Aim of the task: Pictures stay out of the copy. Repeat exactly the lines from the first entry below through the line that contains "11月17日16時,西安市重", and nothing beyond.

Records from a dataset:
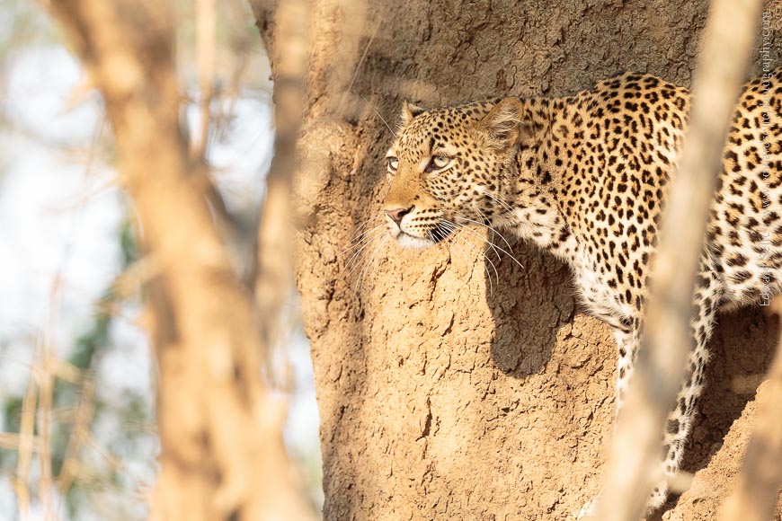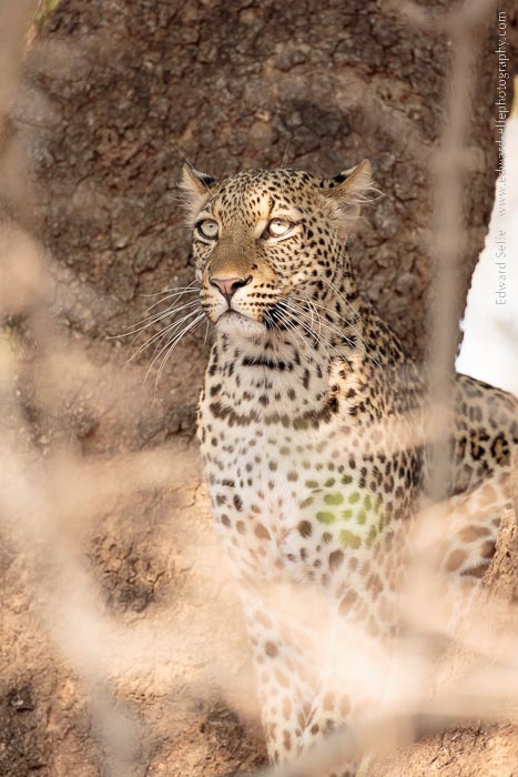 Up to this point, the LEOPARDS had kept a low profile, probably because there had been lions active in many of their favourite hunting grounds. But that same evening of the lions crossing the river, we came across a leopard resting in a gulley in the late evening.
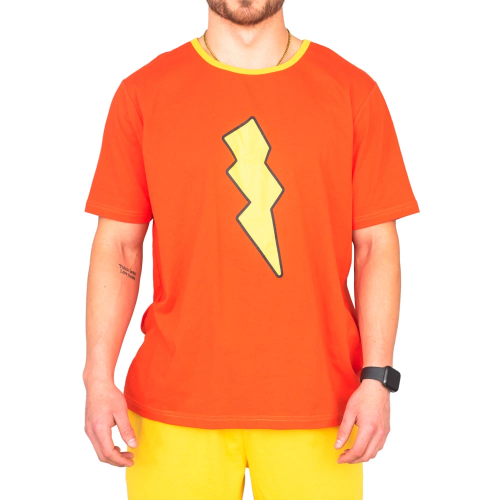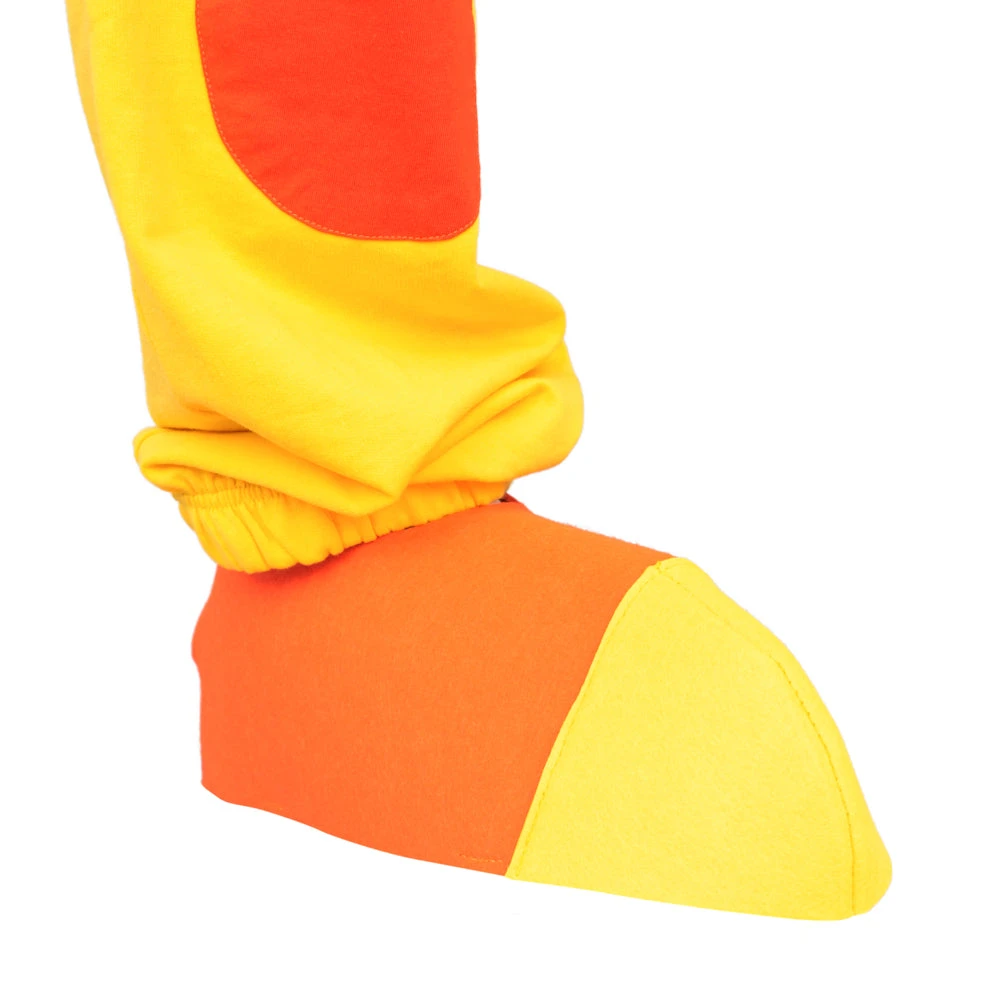 - Costume includes a red short sleeve t-shirt, a yellow pants with 2 side pockets, and 1 back pocket, an adjustable felt shoe cover with strap on back to adjust for different size shoe.
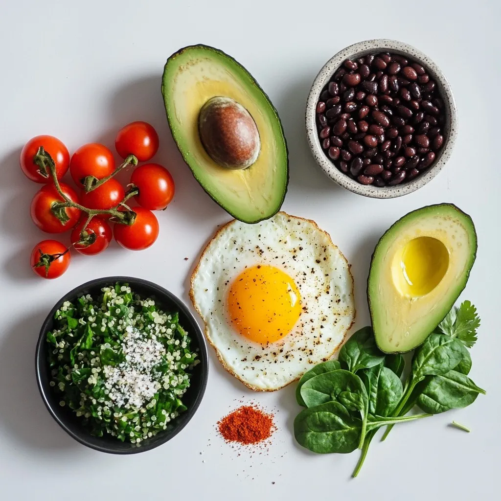 Avocado is creamy and full of good fat. Cherry tomatoes add a sweet burst. Black beans provide extra protein and fiber. Olive oil adds healthy fat and flavor. Seasoning with salt, pepper, and chili powder enhances taste. Fresh cilantro brings a bright finish.
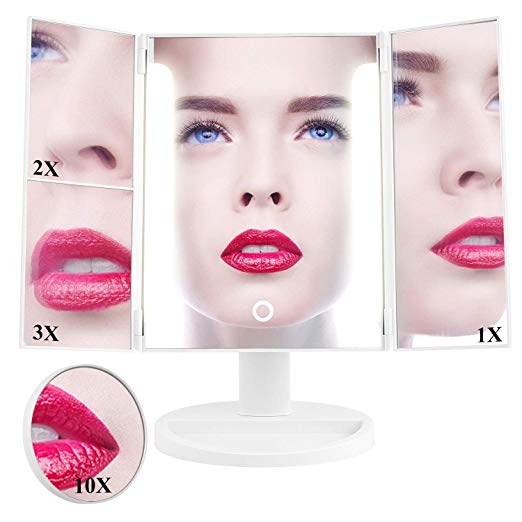 - ✔Visibilité exceptionnelle - Un miroir central et deux miroirs latéraux vous offrent une vue panoramique parfaite de votre visage, grossissement 10X 1X 2X 3X convient à tous les détails des cheveux et le maquillage.
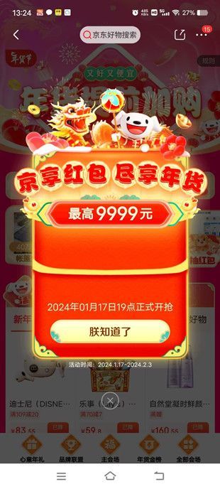 京东2024年货节的超级红包活动也开始了,也是今天开始,持续到2月3日每天都可以去参加领取,通过打开京东进去活动里,每天都可以领1个随机金额的京东现金红包(金额随机,每天都可以去,最高金额9999元),累积得到的红包可以多个叠加在京东购买任意实物商品无门槛抵扣使用。
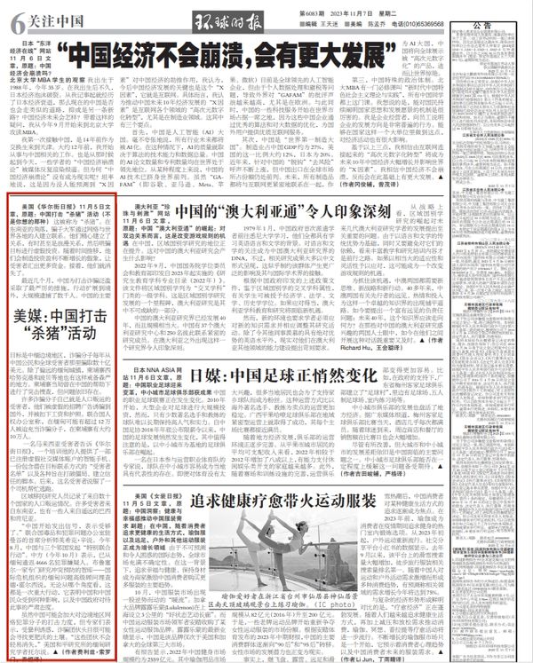美国《华尔街日报》11月5日文章,原题:中国打击“杀猪”活动(不是你想的那种)。
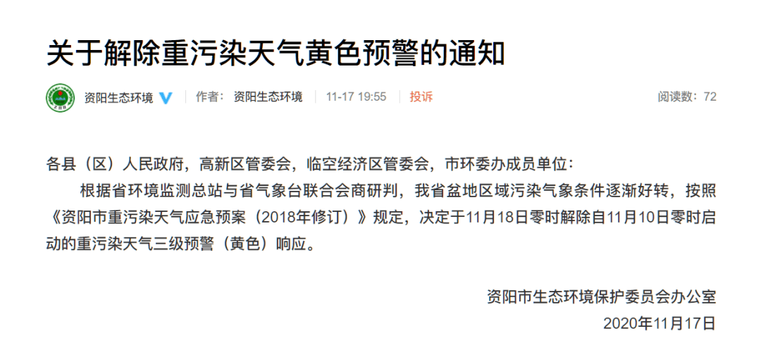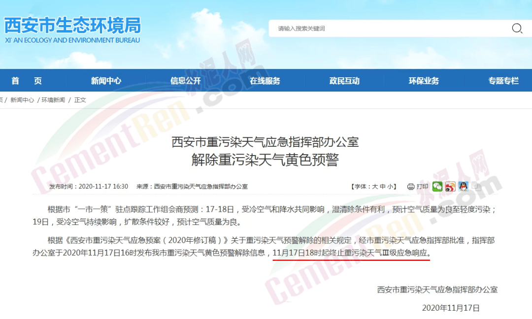 11月17日16時,西安市重污染天氣應急指揮部辦公室發布消息,17-18日,受冷空氣和降水共同影響,濕清除條件有利,預計空氣質量為良至輕度污染。根據相關規定,西安市重污染天氣黃色預警解除,11月17日18時起終止重污染天氣Ⅲ級應急響應。
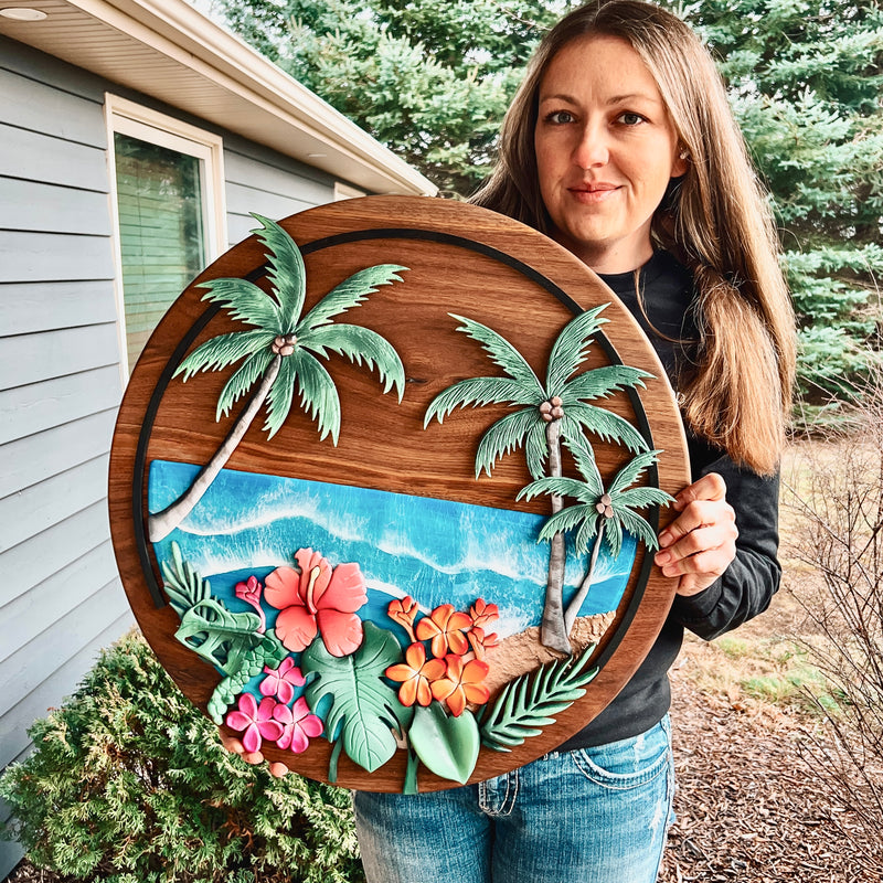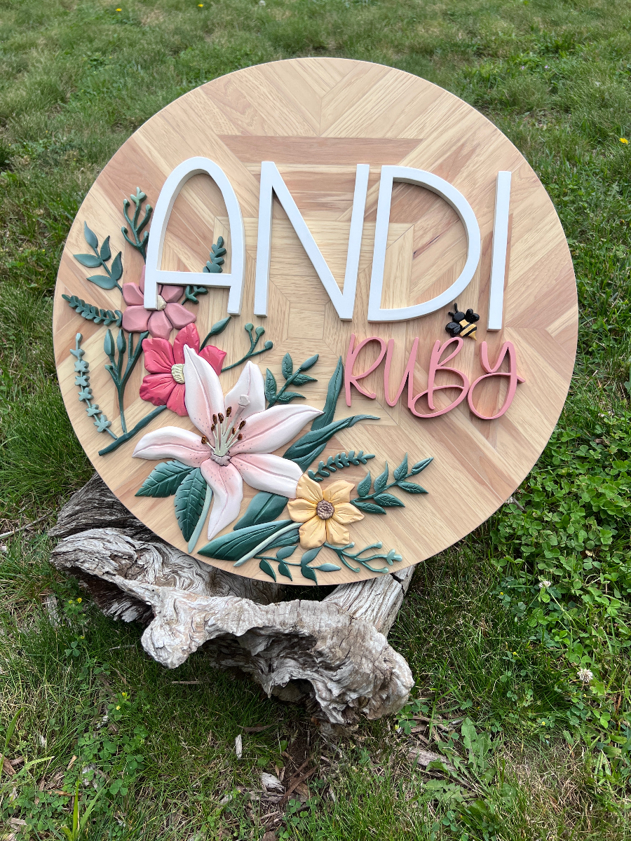 Each piece begins with a hand-drawn design, which is meticulously hand-cut on a scroll saw. Every piece of wood is then carefully carved, shaped and painted by hand, with each element thoughtfully crafted to bring your custom artwork to life.
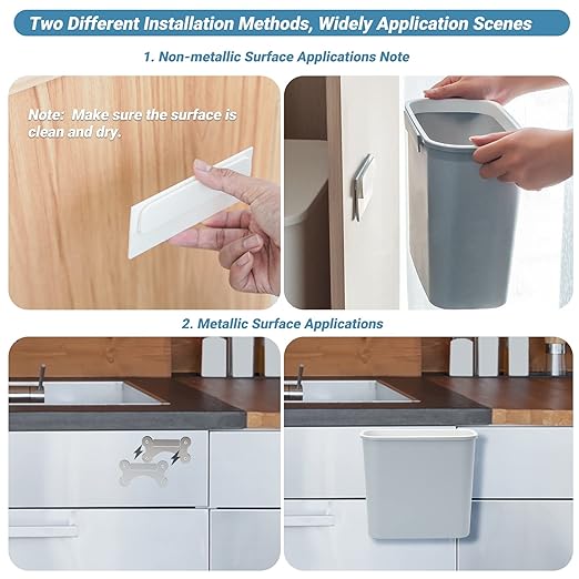 - Two Installation Options - Come with two different installation methods accessories. The first one is a strong magnetic holder, which can easily attach to metal surfaces. The second one is an adhesive patch and hook, you can stick it anywhere you want after rip off the adhesive strip, then easily hang the trash can.

Your solution:
 Up to this point, the LEOPARDS had kept a low profile, probably because there had been lions active in many of their favourite hunting grounds. But that same evening of the lions crossing the river, we came across a leopard resting in a gulley in the late evening.
 - Costume includes a red short sleeve t-shirt, a yellow pants with 2 side pockets, and 1 back pocket, an adjustable felt shoe cover with strap on back to adjust for different size shoe.
 Avocado is creamy and full of good fat. Cherry tomatoes add a sweet burst. Black beans provide extra protein and fiber. Olive oil adds healthy fat and flavor. Seasoning with salt, pepper, and chili powder enhances taste. Fresh cilantro brings a bright finish.
 - ✔Visibilité exceptionnelle - Un miroir central et deux miroirs latéraux vous offrent une vue panoramique parfaite de votre visage, grossissement 10X 1X 2X 3X convient à tous les détails des cheveux et le maquillage.
 京东2024年货节的超级红包活动也开始了,也是今天开始,持续到2月3日每天都可以去参加领取,通过打开京东进去活动里,每天都可以领1个随机金额的京东现金红包(金额随机,每天都可以去,最高金额9999元),累积得到的红包可以多个叠加在京东购买任意实物商品无门槛抵扣使用。
美国《华尔街日报》11月5日文章,原题:中国打击“杀猪”活动(不是你想的那种)。
 11月17日16時,西安市重污染天氣應急指揮部辦公室發布消息,17-18日,受冷空氣和降水共同影響,濕清除條件有利,預計空氣質量為良至輕度污染。根據相關規定,西安市重污染天氣黃色預警解除,11月17日18時起終止重污染天氣Ⅲ級應急響應。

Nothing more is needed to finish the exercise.